Calculating Power in a Fluid Stream: Kinetic Energy Equation for Turbine Design

[XIX]

Hi all, I am working on designing a simple turbine for my senior design project. What I am trying to figure out is what the available power in a fluid stream is. I am thinking of the kinetic energy equation but instead of a given mass, I have mass flow rate, which gives units of Watts.

Power = 1/2 * (mass flowrate)* (velocity)^2

I don't know if this is the right equation to use. If not, what would it be?

 

[russ_watters]

Welcome to PF.

In general, you would want to use a potential energy equation because the kinetic energy of the fluid must typically be constant in order for conservation of mass to hold. In other words, the flow rate of the fluid can't decrease through the turbine unless the fluid is ceasing to exist. The only way kinetic energy could be part of it is if you have a small pipe in and a lage pipe out - then it would be partly kinetic and partly potential.

For most applications, the vast majority of the energy comes from the pressure change across the turbine. An exception would be a steam turbine where you have a change in state.

 

[minger]

That's not entirely true russ. What you're referring to is a reaction turbine (uses a difference in pressure). Pelton wheel impulse turbines have and continue to be in use across the world.

If you do the math, you'll see that if you follow Pelton's original design such that the wheel's tangential speed is 1/2 of the fluid jet velocity, the fluid will leave with very little energy left.

In a situation where you have a high fluid velocity, and perhaps little elevation to use, why not use a Pelton wheel?

 

[XIX]

I should have specified that this is in fact an impulse turbine. Where energy is extracted by way of changing the kinetic energy of the fluid. It is not a Pelton wheel but, a Boundary Layer Turbine (aka Tesla Turbine). They are relatively simple in design and construction. The principle is still the same.

The idea is that high speed fluid passes between closely spaced discs. The fluid drags the discs along with it because of the boundary layer effect.

I ask this thread so I could get an idea about how much power can be extracted if I had a 100% efficient turbine. The boundary layer types aren't known for their efficiency maybe ~12%. So I am thinking for a rough estimate of the power I could use that equation I listed before.

I see what you mean about conservation of mass. The inlet jet is a much smaller area than the discharge.

 

[minger]

I mean, don't worry about conservation of mass; the fluid can be stopped. Imagine you have a jug of water and a tube coming off the bottom such that the fluid has enough energy to make it all the way down the hall. If you put a Pelton wheel upstream, if you convert all the energy the fluid will "stop". Well, where does it go? Probably all over your floor.

I mean, the water will go down. If you're damming a river this may be something you need to consider. However, if you have some sort of experimental setup, you can always use gravity to route the "fully spent" water away from the turbine.
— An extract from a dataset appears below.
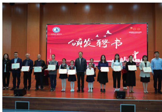
瓯海“红色根脉”党史学习教育宣讲启动仪式

“穿越一百年的时光距离，以一颗虔诚的心，走进祖国百年画卷。”近日，温州市实验小学开展了“领巾闪耀向党，百年党史我来讲”系列活动之红色演讲大赛。这些故事中，既有艰苦卓绝的奋斗史，也有描绘新中国

p.s. Yes, I am vaguely familiar with Tesla Turbines (the only parts I know is the rough workings and the terrible efficiencies.

 

[russ_watters]

That's not entirely true russ. What you're referring to is a reaction turbine (uses a difference in pressure). Pelton wheel impulse turbines have and continue to be in use across the world.

If you do the math, you'll see that if you follow Pelton's original design such that the wheel's tangential speed is 1/2 of the fluid jet velocity, the fluid will leave with very little energy left.
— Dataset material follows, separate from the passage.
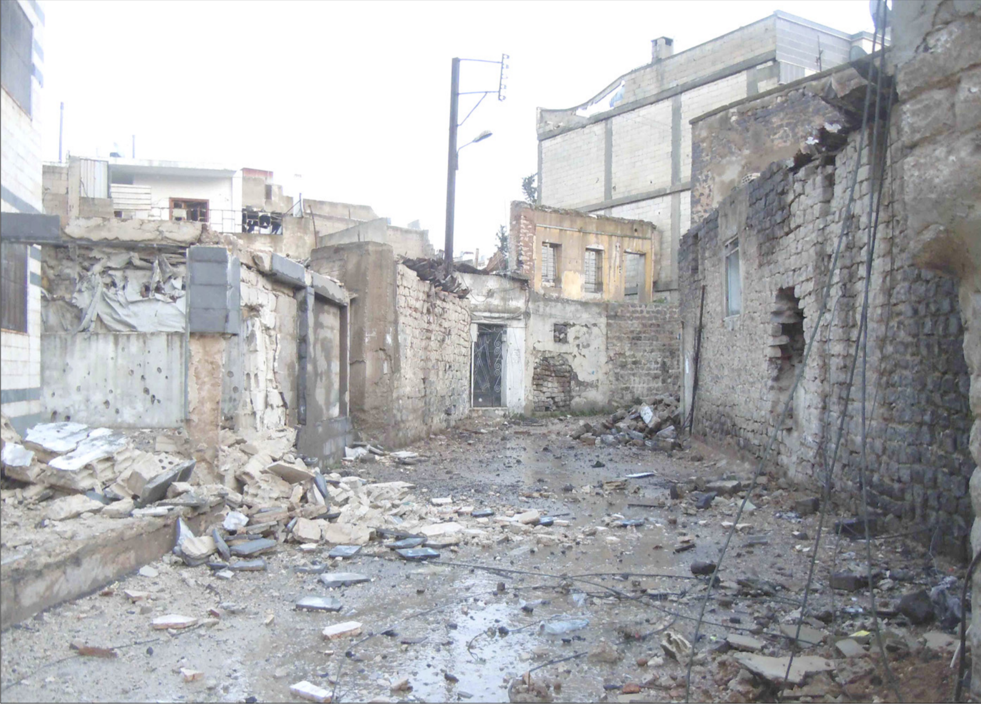
دمار في حي بابا عمرو في حمص

What creates the jet? Accoring to the wiki, there is a power plant in Germany that uses a Pelton wheel turbine and it is just a different turbine on a regular hydroelectric dam. The energy stored in the dam is potential energy and it is converted to kinetic energy by the jet. So the analysis of the energy available is still a potential energy analysis.
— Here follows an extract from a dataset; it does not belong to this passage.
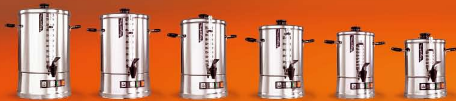
CNS 160 15-160 Tassen CNS 130 15-130 Tassen CNS 100 15-100 Tassen CNS 75 15-75 Tassen CNS 50 15-50 Tassen CNS 35 15-35 Tassen

Die Hogastra-Kaffeautomaten ersparen Ihnen das ständige Hantieren mit Glaskrügen und halten immer herrlich duftenden Kaffee bereit.
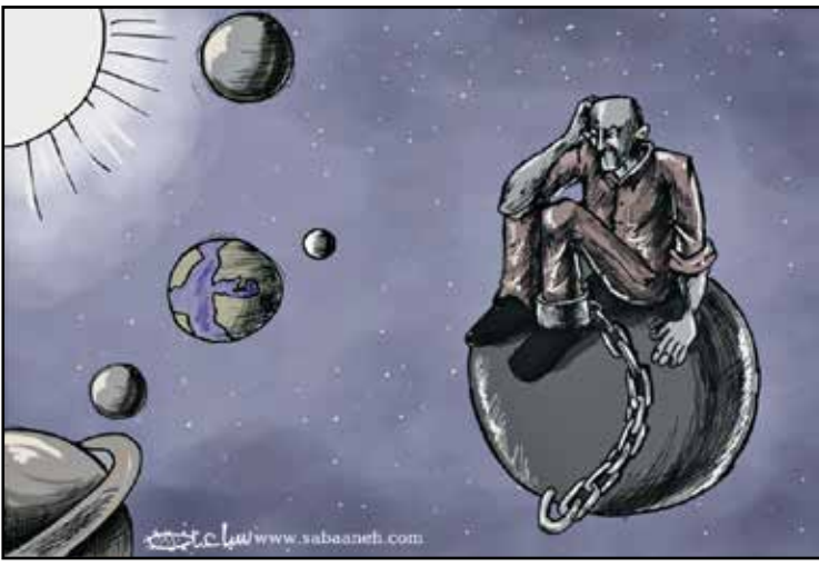
الاسرئ الفلسطينيون في عزلتهم

http://en.wikipedia.org/wiki/Walchensee_Hydroelectric_Power_Station

In a situation where you have a high fluid velocity, and perhaps little elevation to use, why not use a Pelton wheel?

What would create such a situation? What would it look like?

 

[russ_watters]

I should have specified that this is in fact an impulse turbine. Where energy is extracted by way of changing the kinetic energy of the fluid.

As with my post above: where is this high speed jet coming from? What does the system look like?

I can't envision a scenario where kinetic energy in a fluid someone is tryint to extract power from exists without a conversion from potential energy.

 

[minger]

Let's say he's doing this in a laboratory; he has access to a faucet. If he hooks a hose up, then he has a fast moving fluid at low pressure. Does it really make sense to have to pump up some sort of column of water to try and get a decent head on it? How high would he need to pump it? Why not just use the energy as it is?

In any hydroelectic dam, you start with kinetic energy. The "dam" part is there to convert that energy into potential energy. This is done because I will assume that a reaction type turbine has been discovered that it can be more efficient. When money is no option, you'll spend it for a few extra points of efficiency.

In any case, you can't argue that it would be more accurate to derive a power equation using the current state of the fluid, whatever it is. So, regardless of whether or not the fluid "was" at a high head, low flow state, it isn't anymore. We've had friction and the assuming it's measurable, it would be more accurate to use the current state.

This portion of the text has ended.